Keyfuels aims to open up a fixed price fuel market for mixed fleets after striking a deal with Tesco.
The fuelcard provider already has one of the largest forecourt networks, with more than 1,550 sites located across the UK. But its partnership with Tesco – the UK’s biggest fuel retailer – adds a further 475 sites and, according to Keyfuels, will help LCV and car fleets manage their fuel more effectively.
“This deal is a real leap forward for us in what we can deliver to the fleet market,” said Peter Bridgen, managing director of Keyfuels.
“We’ve been scratching the surface of the LCV and car market for the past few years, but the convenience of a network like Tesco takes us to the level where we can really target that sector.”
Keyfuels, which is owned by Fleetcor, already delivers around two billion litres of fuel a year to 30,000 customers.
The vast majority are HGV operators which either choose a bunkering model, buying fuel at a commercial rate which is then accessed through the Keyfuels network, or opt for its pay-as-you-go model, which is based on a weekly average price.
Purchasing fuel commercially means a saving of between 3-8p per litre against the national average retail price. That would equate to a saving of around £35,000 for every million litres purchased based on a saving of 3.5ppl.
Keyfuels customers include the likes of Tarmac, Wincanton and BT Fleet, but for it to make real inroads into the LCV and business car sector securing additional coverage has been crucial.
Morrisons was added to its network in 2003 and Bridgen says that was an important first step in opening up the mixed fleet market.
“Morrisons introduced convenience for us. A network that LCVs like and that car drivers like,” explained Bridgen. “Since then, we’ve built the network up and by adding Tesco into the mix it becomes even more convenient to LCV and car fleets.”
The company will announce a couple of new products in the autumn to exploit its expanded network and target the sector.

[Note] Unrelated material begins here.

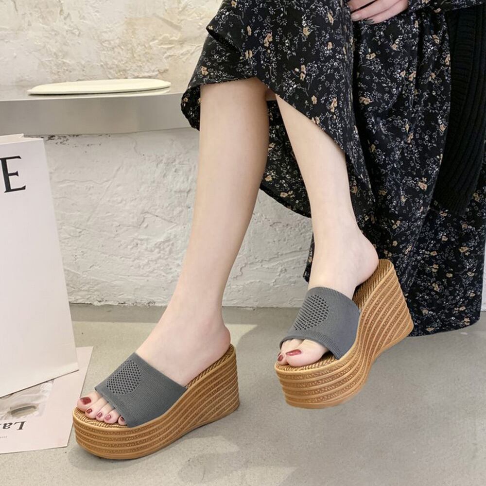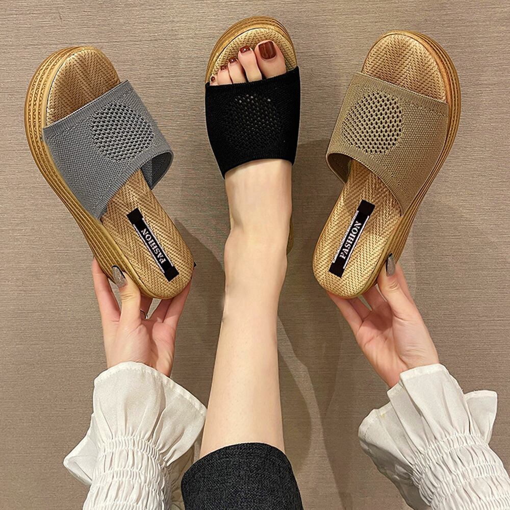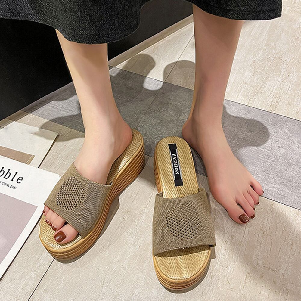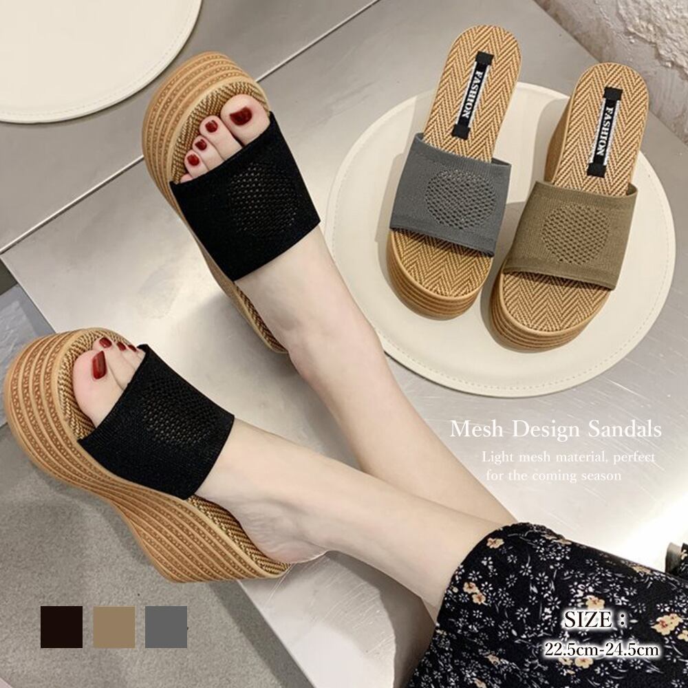 おしゃれ ジュート風 ウエッジソール サンダル 歩きやすい ボリュームソール スリッパ メッシュ 美脚カジュアルシューズ

They are expected to include a pay-as-you-go model, which would effectively mean fleets paying discounted fuel rates across the Keyfuels network, while also benefiting from some of the lowest pump prices around on the supermarket forecourt.
Peter Cattell, category director for Tesco, said: “These products will not only provide Keyfuels’ customers with access to Tesco’s network, but they will also benefit from being able to earn Tesco Clubcard points when they fill up.”
The deal comes in the wake of fleets having to endure the volatility of the fuel market for the past few years. As the second biggest cost for fleets to consider, price fluctuations have meant it has been difficult for them to maintain a tight grip on fuel budgets.
And, when oil prices have fallen in recent weeks, it’s left the forecourt industry having to defend continued high fuel costs.
Since the beginning of April, the cost of Brent crude has dropped by 18% while the price of diesel has risen by 0.75%.
Bridgen explained: “In general terms, retail forecourts will procure fuel on a lagged basis, sometimes by as much as three weeks, so when oil prices fall this will not be passed to consumers until much later.”
The petrol industry points out that the price of a litre at the pumps is only partially dependent on the cost of crude oil.
Some 60% of the price is accounted for by fuel duty and VAT. Another 10% is down to delivery charges, the cost of marketing, and profit margins made by both suppliers and retailers.
Paul Watters, head of AA public affairs, said: “There is clearly a need for price transparency covering oil, wholesale and retail markets, taking into account the exchange rate. This would allow drivers to see when they’re getting a fair price at the pump and protect fuel suppliers and retailers from accusations of profiteering.”
However, the Keyfuels model allows any change in price to be reflected much more quickly at a margin significantly below the average retail pump price, while giving fleets the transparency the market craves.